In this example, we’ll arrange for keeping waveforms for one week. Before starting, you’ll need bindings for your stations; see the tutorials Add real-time stations from GEOFON or Get real-time data from a remote Seedlink server (single station).

The slarchive collects data and archives it locally using a SDS file system structure of nested subdirectories and systematically named files.

In scconfig

  1. Under the Modules tab, go to Acquisition, and select slarchive. Here you can see the default parameters used. By default, slarchive connects to your local Seedlink server, and archives to your local disk.

  2. Under the System tab, select the line for slarchive, and click “Enable module(s)” button at the top.

  3. Under Bindings: On RHS right-click “slarchive” to add an slarchive profile. Name it ‘week’, to keep waveforms for 7 days, and click ‘Ok’. The new profile appears in the (bottom right corner of scconfig. Double click on the profile to open its settings. Unlock the box labeled “keep”, and change the default from 30 to 7.
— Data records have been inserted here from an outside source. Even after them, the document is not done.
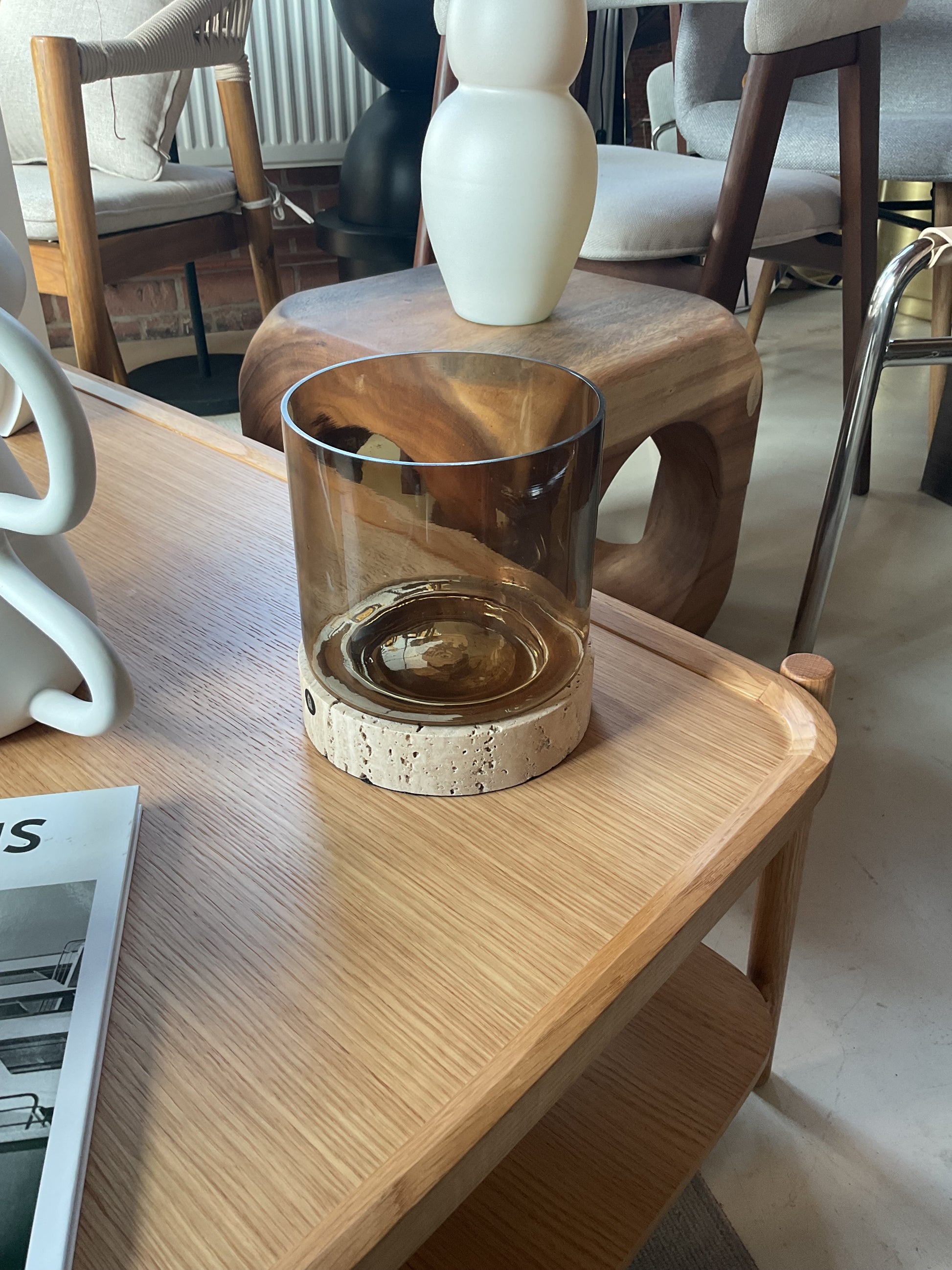 Świecznik ze szkła dmuchanego z trawertynową podstawą Rivo
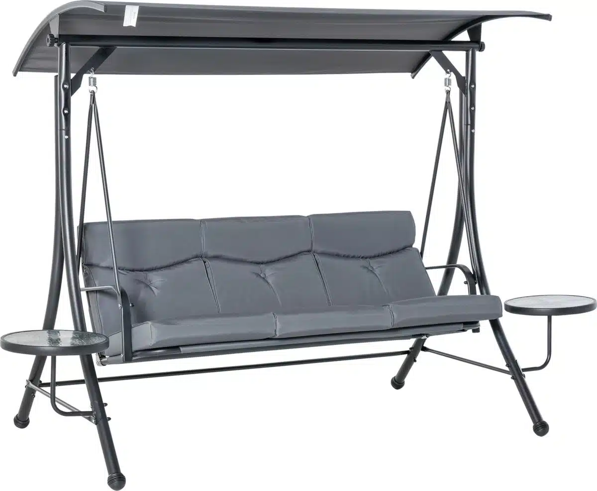 Geniet van ontspanning en samenzijn met de Outsunny Hollywoodschommel voor drie personen. Dit model biedt royaal zitcomfort dankzij soepel vormgegeven kussens en een ruime zitpartij die iedereen uitnodigt om te ontspannen. Het stalen frame geeft extra stevigheid zodat de bank jarenlang dienst kan doen en tegelijk oogt de afwerking verfijnd en modern. De zachte grijstint werkt als rustige basis en laat bloemen en groen in de tuin extra tot hun recht komen.
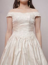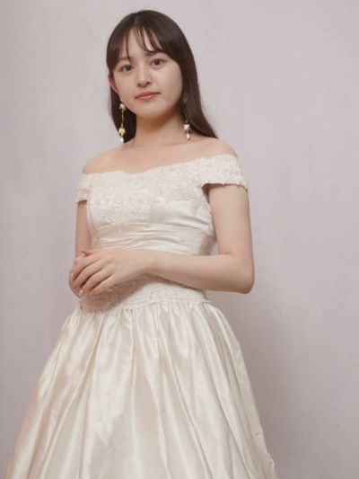 ショルダー部分までたっぷりの刺繍とビーズが施され、
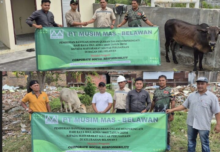 MEDAN || PIRNAS.COM – Sambut Idul Adha 1445 H, PT Musim Mas Belawan terus menjalankan kegiatan sosial melalui Corporate Social Responsibiliti (CSR) menyerahkan 2 ekor sapi di dua Kelurahan Kecamatan Medan Belawan Sumatera Utara, Jumat (06/06/2025).
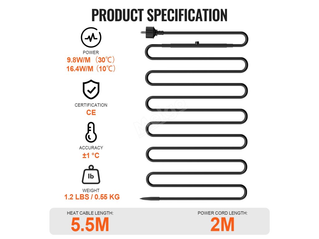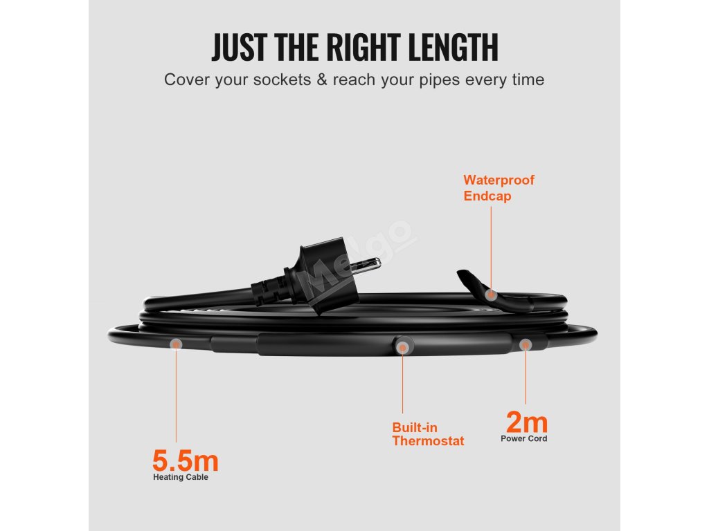 Ať už stavíte karavan v mrazivém podnebí, nebo chcete zajistit plynulý průtok vody v domě či na zahradě, náš 5,5m ohřívací kabel pro vodovodní potrubí o výkonu 16,4 W/m se samoregulační technologií a vestavěným termostatem je ideální volbou. Inteligentní ochrana proti zamrznutí pro klid duše.
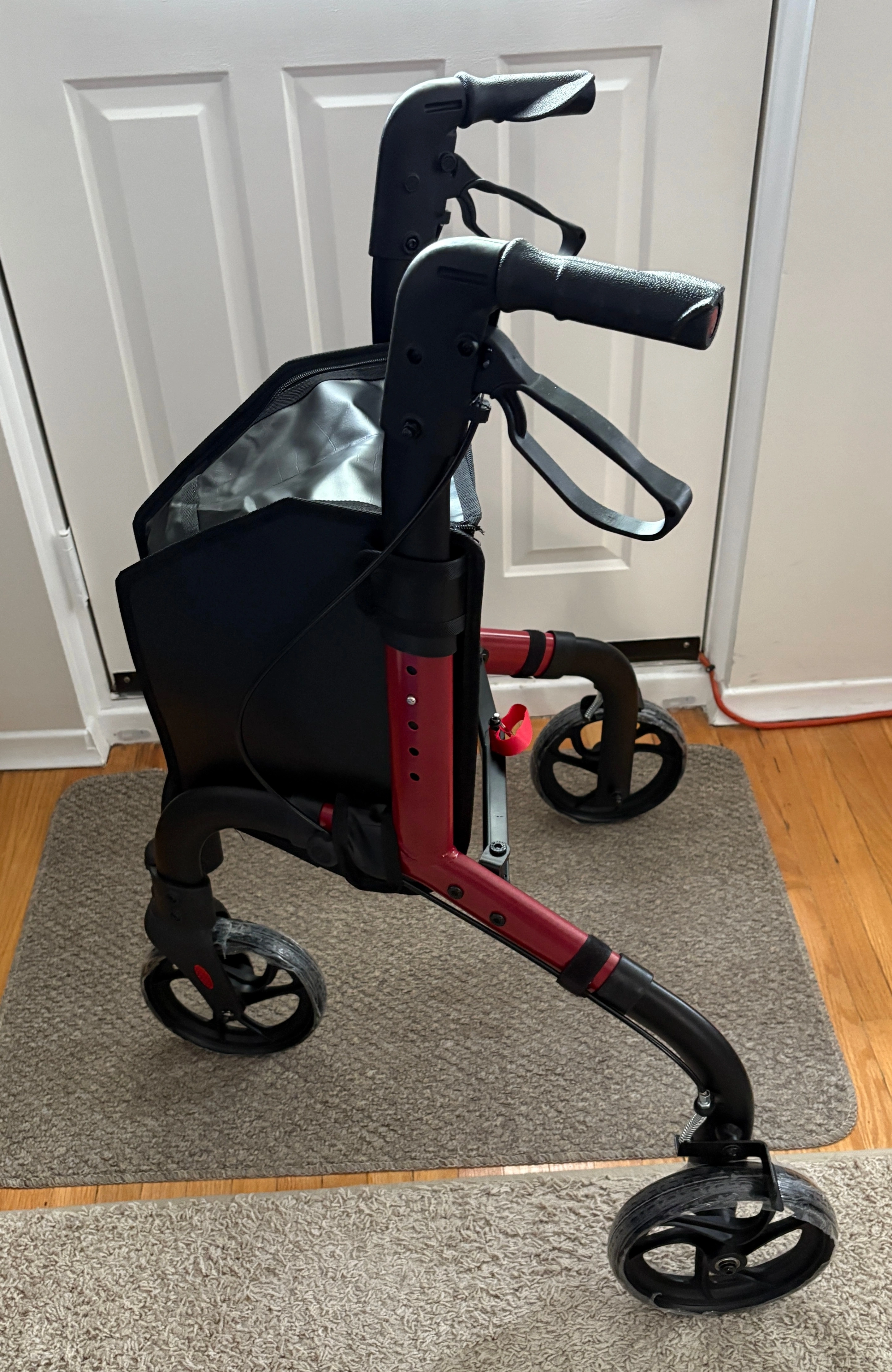 Retaoldth Premium 3 Wheel Rollator Walker I've fully assembled the unit, so it's ready for immediate use. This unit retails for $170 plus tax. Crafted from premium lightweight aluminum. Weighing in at only 12 lbs, it's effortlessly portable and can support up to 300 lbs. In just a second, it folds and unfolds, fitting into any environment effortlessly. Walking in narrow spaces, transporting it in your vehicle, or storing it has never been easier. Ergonomically designed with comfortable handles, this rollator foldable walker suits anyone with a weak grip or arthritis. The lightweight walker is easily adjustable for your ideal comfort level.

    Once you have a binding profile, drag it over all the stations it should apply to, under “Networks” on the left-hand side of the bindings tool.

Warning

The name ‘week’ is just a label. Its functionality comes from changing the value of the keep parameter. Changing the name of a binding profile does not change its function.

Note

You can also choose which channels should be archived, using the “selectors” box. For instance, you may collect data at several sample rates, and only wish to archive the highest rate. If you collect LH, BH, HH streams at 0.1, 20, and 100 samples per second, respectively, you might retain only the HH streams, by setting “selectors” to “HH”.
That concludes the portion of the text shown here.